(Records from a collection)
# # # # #

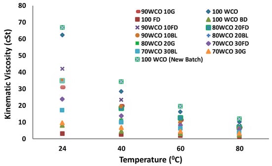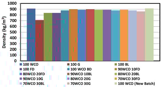 - The calorific value of the blends increased with the addition of fossil diesel additive. The flash point temperatures of the WCO blends reduced with the addition of additives. At room temperature, the density of the WCO blends with 20% diesel/butanol/gasoline contents dropped by 1%, 2.1% and 3.2%, respectively. The viscosities of WCO blends reduced with the addition of additives.
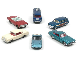miniatures reproduisant les modèles : CHRYSLER IMPERIAL, MERCEDES 220 SE coupé, LOTUS ELAN S2, CHRYSLER GHIA, FORD CONSUL CORTINA break & COMMER 'COUNTY POLICE'
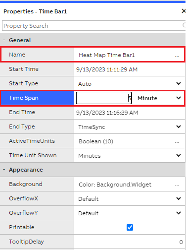 Give a name for the Time Bar as 'Heat Map Time Bar 1' and set the Time Span as '5' Minute (as we wanted to get small data set for the heat map plotting). And also disable the time synchronization to avoid automatic data refresh.
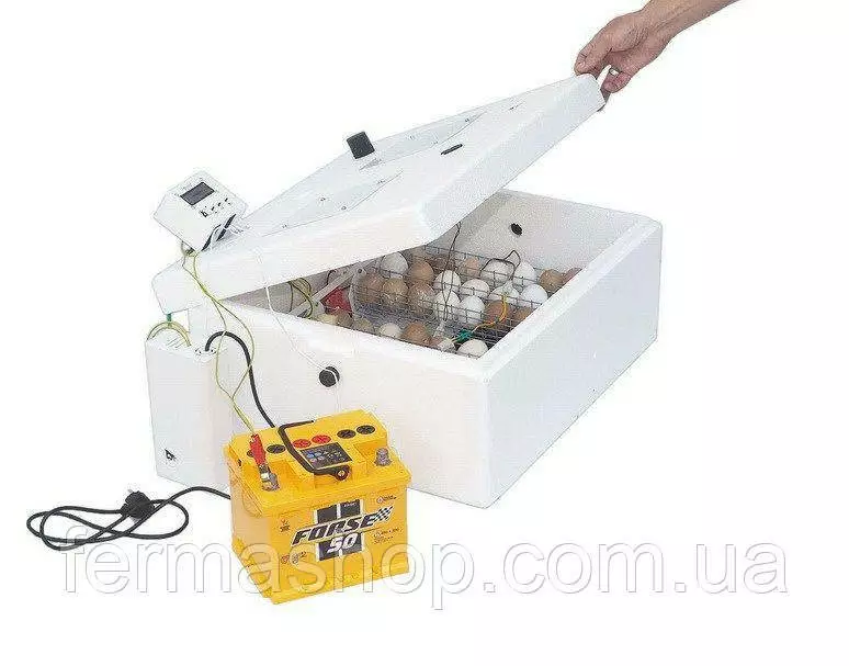 Инкубатор Br-Box 54 – представитель бюджетной серии инкубаторов с электронным управлением нагревом, влажностью, периодом и временем переворота яиц. Вместимость инкубатора : 54 куриных яйца (средним весом 50-55 гр), 48 яиц (ср. весом 65-75 гр). Лоток инкубатора, аналогичен лотку модели Micro Battery 50, оснащен двигателем с безопасным питанием 12в и шестью сетчатыми кассетами для яиц. При необходимости в кассеты лотка вставляется специальный сетчатый вкладыш Q28* для вывода перепелиных яиц. Емкость инкубатора с перепелиными вкладышами – 168 перепелиных яиц. Для вывода яиц со средним весом 80-150 гр , таких как гусь, используется универсальный лоток с увеличенными кассетами под гусиные яйца.Все энергопотребители инкубатора используют питание 12 вольт, которое обеспечивает выносной блок питания, идущий в комплекте поставки.
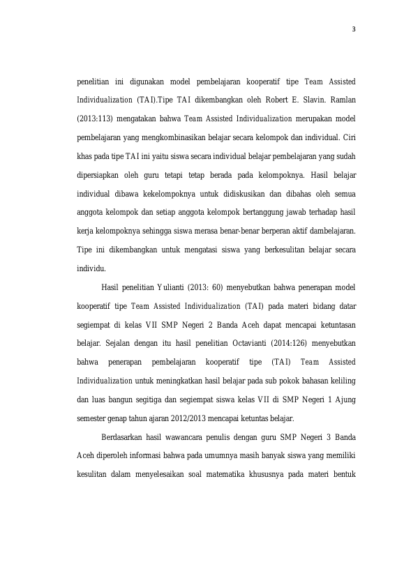 Baca Juga : PENERAPAN MODEL PEMBELAJARAN KOOPERATIF TIPE TAI PADA MATERI BENTUK ALJABAR DI KELAS VII SMP NEGERI 3 BANDA ACEH (Ria Purnama Sari, 2018)

# # # # #

▸ **Task to complete**
What you return must match, line for line, the records from the line containing "Инкубатор Br-Box 54" through their end, with both ends included and no pictures.

▸ **Output for this exercise**
 Инкубатор Br-Box 54 – представитель бюджетной серии инкубаторов с электронным управлением нагревом, влажностью, периодом и временем переворота яиц. Вместимость инкубатора : 54 куриных яйца (средним весом 50-55 гр), 48 яиц (ср. весом 65-75 гр). Лоток инкубатора, аналогичен лотку модели Micro Battery 50, оснащен двигателем с безопасным питанием 12в и шестью сетчатыми кассетами для яиц. При необходимости в кассеты лотка вставляется специальный сетчатый вкладыш Q28* для вывода перепелиных яиц. Емкость инкубатора с перепелиными вкладышами – 168 перепелиных яиц. Для вывода яиц со средним весом 80-150 гр , таких как гусь, используется универсальный лоток с увеличенными кассетами под гусиные яйца.Все энергопотребители инкубатора используют питание 12 вольт, которое обеспечивает выносной блок питания, идущий в комплекте поставки.
 Baca Juga : PENERAPAN MODEL PEMBELAJARAN KOOPERATIF TIPE TAI PADA MATERI BENTUK ALJABAR DI KELAS VII SMP NEGERI 3 BANDA ACEH (Ria Purnama Sari, 2018)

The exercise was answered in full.